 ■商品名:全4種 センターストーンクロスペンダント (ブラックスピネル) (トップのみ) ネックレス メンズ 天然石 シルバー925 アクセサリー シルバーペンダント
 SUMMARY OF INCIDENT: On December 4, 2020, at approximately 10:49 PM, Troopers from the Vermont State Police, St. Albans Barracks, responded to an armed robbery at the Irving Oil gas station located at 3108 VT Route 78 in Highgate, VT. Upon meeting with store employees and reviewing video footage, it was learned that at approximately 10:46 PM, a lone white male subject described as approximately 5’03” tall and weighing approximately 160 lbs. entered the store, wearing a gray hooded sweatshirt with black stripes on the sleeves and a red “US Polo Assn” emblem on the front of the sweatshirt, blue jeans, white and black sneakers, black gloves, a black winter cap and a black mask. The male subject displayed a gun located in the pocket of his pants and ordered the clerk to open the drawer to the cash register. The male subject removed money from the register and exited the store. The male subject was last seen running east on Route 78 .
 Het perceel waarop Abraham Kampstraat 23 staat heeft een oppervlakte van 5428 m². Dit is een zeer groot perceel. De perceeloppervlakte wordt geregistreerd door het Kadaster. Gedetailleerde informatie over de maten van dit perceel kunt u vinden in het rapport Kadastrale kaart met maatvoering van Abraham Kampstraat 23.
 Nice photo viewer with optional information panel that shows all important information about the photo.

---

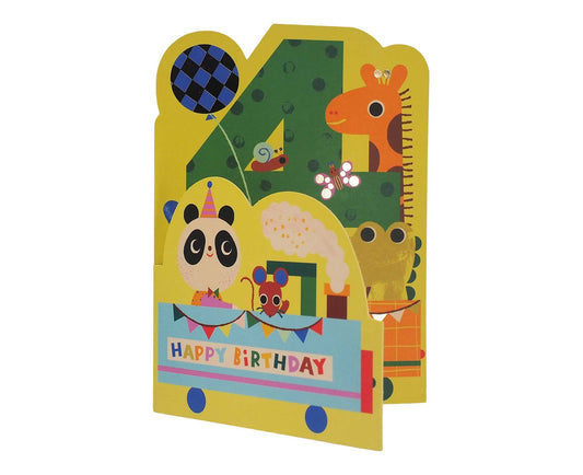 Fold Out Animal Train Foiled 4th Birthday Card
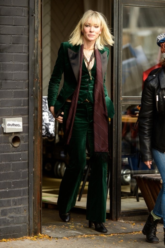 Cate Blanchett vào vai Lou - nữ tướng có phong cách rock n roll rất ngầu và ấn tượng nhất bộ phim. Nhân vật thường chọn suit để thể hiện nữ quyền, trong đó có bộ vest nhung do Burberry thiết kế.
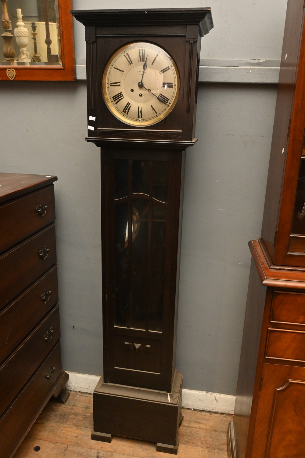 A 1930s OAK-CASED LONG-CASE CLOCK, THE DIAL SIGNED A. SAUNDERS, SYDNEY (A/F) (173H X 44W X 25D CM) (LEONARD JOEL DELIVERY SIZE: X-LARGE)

## YOUR ASSIGNMENT
Your task is to restate, word for word, only those lines above that fall between the line holding "SUMMARY OF INCIDENT: On" and the line holding "Nice photo viewer", inclusive.

## EXERCISE ANSWER
 SUMMARY OF INCIDENT: On December 4, 2020, at approximately 10:49 PM, Troopers from the Vermont State Police, St. Albans Barracks, responded to an armed robbery at the Irving Oil gas station located at 3108 VT Route 78 in Highgate, VT. Upon meeting with store employees and reviewing video footage, it was learned that at approximately 10:46 PM, a lone white male subject described as approximately 5’03” tall and weighing approximately 160 lbs. entered the store, wearing a gray hooded sweatshirt with black stripes on the sleeves and a red “US Polo Assn” emblem on the front of the sweatshirt, blue jeans, white and black sneakers, black gloves, a black winter cap and a black mask. The male subject displayed a gun located in the pocket of his pants and ordered the clerk to open the drawer to the cash register. The male subject removed money from the register and exited the store. The male subject was last seen running east on Route 78 .
 Het perceel waarop Abraham Kampstraat 23 staat heeft een oppervlakte van 5428 m². Dit is een zeer groot perceel. De perceeloppervlakte wordt geregistreerd door het Kadaster. Gedetailleerde informatie over de maten van dit perceel kunt u vinden in het rapport Kadastrale kaart met maatvoering van Abraham Kampstraat 23.
 Nice photo viewer with optional information panel that shows all important information about the photo.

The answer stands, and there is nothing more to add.